Newtonbrook is also home to several municipal parks, as well as the Finch Hydro Corridor. Parks in the neighbourhood are managed by the Toronto Parks, Forestry and Recreation Division.

==Transportation==
Public transportation in the neighbourhood is also serviced by the Toronto Transit Commission's (TTC) bus service. Newtonbrook is served by Finch subway station, which is the northern terminus of the Toronto Transit Commission's (TTC) Line 1 Yonge–University, located just south of the neighbourhood. In addition to TTC services, public transit services may also be accessed at Finch Bus Terminal, which provides access to GO Transit's commuter and regional buses.
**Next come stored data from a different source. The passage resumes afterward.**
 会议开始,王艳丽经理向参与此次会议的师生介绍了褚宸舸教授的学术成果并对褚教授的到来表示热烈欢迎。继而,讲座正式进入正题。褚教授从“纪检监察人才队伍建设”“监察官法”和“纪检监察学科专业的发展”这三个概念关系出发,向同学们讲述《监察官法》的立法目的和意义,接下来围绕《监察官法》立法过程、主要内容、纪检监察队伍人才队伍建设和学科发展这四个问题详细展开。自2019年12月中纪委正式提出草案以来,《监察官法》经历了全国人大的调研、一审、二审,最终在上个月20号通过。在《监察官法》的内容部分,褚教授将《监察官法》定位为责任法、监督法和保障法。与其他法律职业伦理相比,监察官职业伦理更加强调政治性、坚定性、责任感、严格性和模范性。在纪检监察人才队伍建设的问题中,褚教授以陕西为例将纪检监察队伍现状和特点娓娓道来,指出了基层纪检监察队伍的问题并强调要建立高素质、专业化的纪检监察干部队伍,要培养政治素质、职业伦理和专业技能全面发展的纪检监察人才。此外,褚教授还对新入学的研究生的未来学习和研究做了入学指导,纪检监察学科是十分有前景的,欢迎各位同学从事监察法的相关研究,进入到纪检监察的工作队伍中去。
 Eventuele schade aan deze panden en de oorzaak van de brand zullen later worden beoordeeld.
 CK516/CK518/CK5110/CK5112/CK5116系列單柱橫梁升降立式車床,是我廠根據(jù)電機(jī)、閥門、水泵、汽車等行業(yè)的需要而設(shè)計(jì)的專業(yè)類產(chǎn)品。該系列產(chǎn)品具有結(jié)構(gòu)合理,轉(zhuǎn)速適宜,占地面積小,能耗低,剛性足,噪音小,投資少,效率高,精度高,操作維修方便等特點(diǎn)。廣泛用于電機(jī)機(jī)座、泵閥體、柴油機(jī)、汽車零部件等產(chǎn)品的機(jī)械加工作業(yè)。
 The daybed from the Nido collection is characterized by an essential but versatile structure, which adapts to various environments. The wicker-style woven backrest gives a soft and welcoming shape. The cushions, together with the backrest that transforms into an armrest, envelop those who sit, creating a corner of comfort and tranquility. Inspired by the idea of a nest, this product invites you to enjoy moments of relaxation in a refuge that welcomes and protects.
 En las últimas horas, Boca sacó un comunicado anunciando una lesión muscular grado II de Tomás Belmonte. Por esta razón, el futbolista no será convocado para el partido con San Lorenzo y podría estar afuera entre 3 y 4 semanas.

York Region Transit and Viva Rapid Transit may also be accessed from the terminal.

==Notable people==
It is the birthplace and hometown of Nobel Prize winner and Canadian Prime Minister Lester B. Pearson. Pearson was born at a manse in the intersection of Yonge Street and Hendon Avenue, now the site of the North American Life Centre. His father was the local Methodist minister and Lester was born in the parsonage.